Segment Start: Data provided

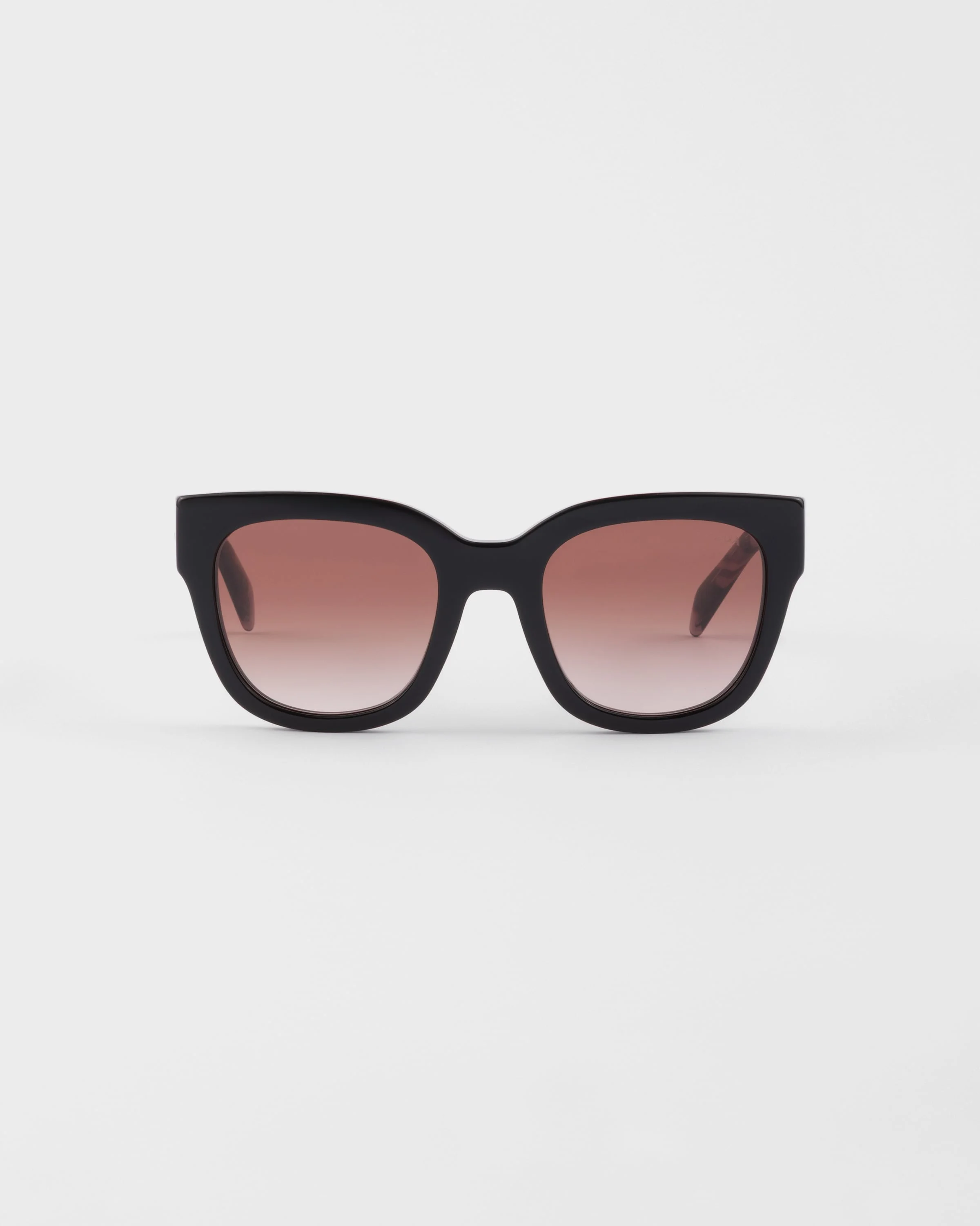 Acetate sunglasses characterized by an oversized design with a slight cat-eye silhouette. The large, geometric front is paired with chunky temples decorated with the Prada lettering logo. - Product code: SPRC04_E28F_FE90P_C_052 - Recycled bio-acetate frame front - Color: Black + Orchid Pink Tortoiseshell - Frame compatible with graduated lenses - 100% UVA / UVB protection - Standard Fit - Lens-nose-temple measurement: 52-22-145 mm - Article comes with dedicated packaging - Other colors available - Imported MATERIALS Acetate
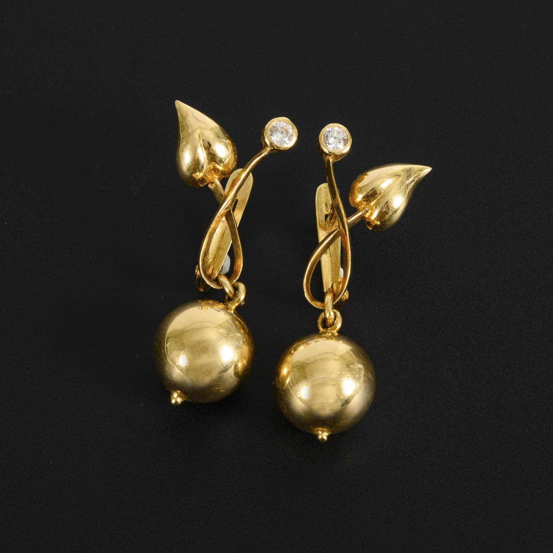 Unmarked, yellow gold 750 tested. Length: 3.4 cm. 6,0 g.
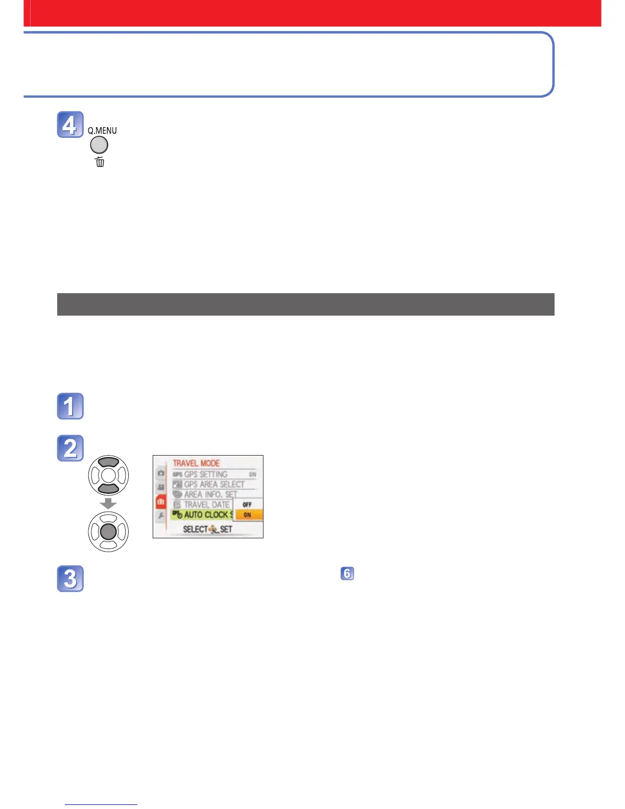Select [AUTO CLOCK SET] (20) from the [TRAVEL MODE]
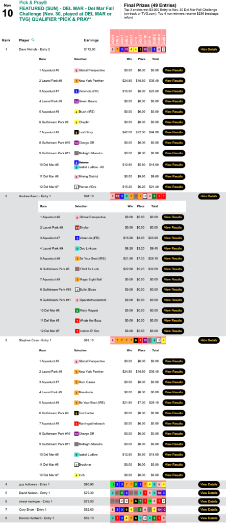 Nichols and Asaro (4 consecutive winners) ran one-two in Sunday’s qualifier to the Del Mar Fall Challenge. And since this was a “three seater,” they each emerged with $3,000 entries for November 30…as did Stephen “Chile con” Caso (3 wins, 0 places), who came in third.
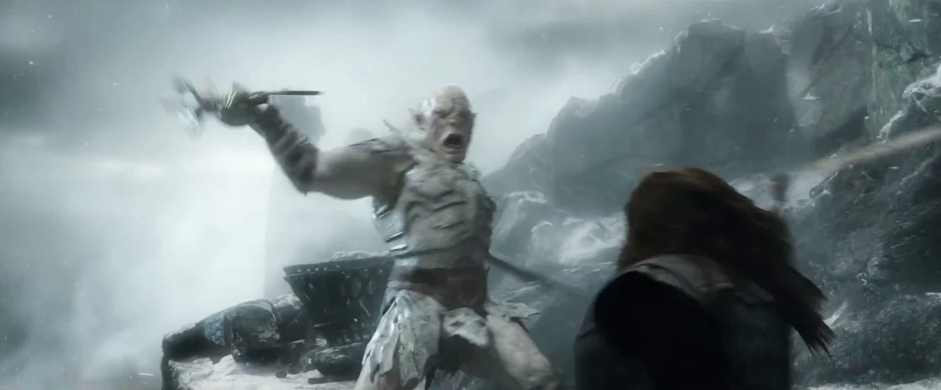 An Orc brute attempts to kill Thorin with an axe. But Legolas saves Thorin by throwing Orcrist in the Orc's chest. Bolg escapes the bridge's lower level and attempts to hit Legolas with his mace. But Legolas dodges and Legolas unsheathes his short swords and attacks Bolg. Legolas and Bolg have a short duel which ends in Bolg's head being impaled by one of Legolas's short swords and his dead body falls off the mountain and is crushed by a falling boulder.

Segment End: Data provided

▶ _Task_
Output the entries above exactly as given, but strip out the pictures.

▶ _Output for this task_
 Acetate sunglasses characterized by an oversized design with a slight cat-eye silhouette. The large, geometric front is paired with chunky temples decorated with the Prada lettering logo. - Product code: SPRC04_E28F_FE90P_C_052 - Recycled bio-acetate frame front - Color: Black + Orchid Pink Tortoiseshell - Frame compatible with graduated lenses - 100% UVA / UVB protection - Standard Fit - Lens-nose-temple measurement: 52-22-145 mm - Article comes with dedicated packaging - Other colors available - Imported MATERIALS Acetate
 Unmarked, yellow gold 750 tested. Length: 3.4 cm. 6,0 g.
Select [AUTO CLOCK SET] (20) from the [TRAVEL MODE]
 Nichols and Asaro (4 consecutive winners) ran one-two in Sunday’s qualifier to the Del Mar Fall Challenge. And since this was a “three seater,” they each emerged with $3,000 entries for November 30…as did Stephen “Chile con” Caso (3 wins, 0 places), who came in third.
 An Orc brute attempts to kill Thorin with an axe. But Legolas saves Thorin by throwing Orcrist in the Orc's chest. Bolg escapes the bridge's lower level and attempts to hit Legolas with his mace. But Legolas dodges and Legolas unsheathes his short swords and attacks Bolg. Legolas and Bolg have a short duel which ends in Bolg's head being impaled by one of Legolas's short swords and his dead body falls off the mountain and is crushed by a falling boulder.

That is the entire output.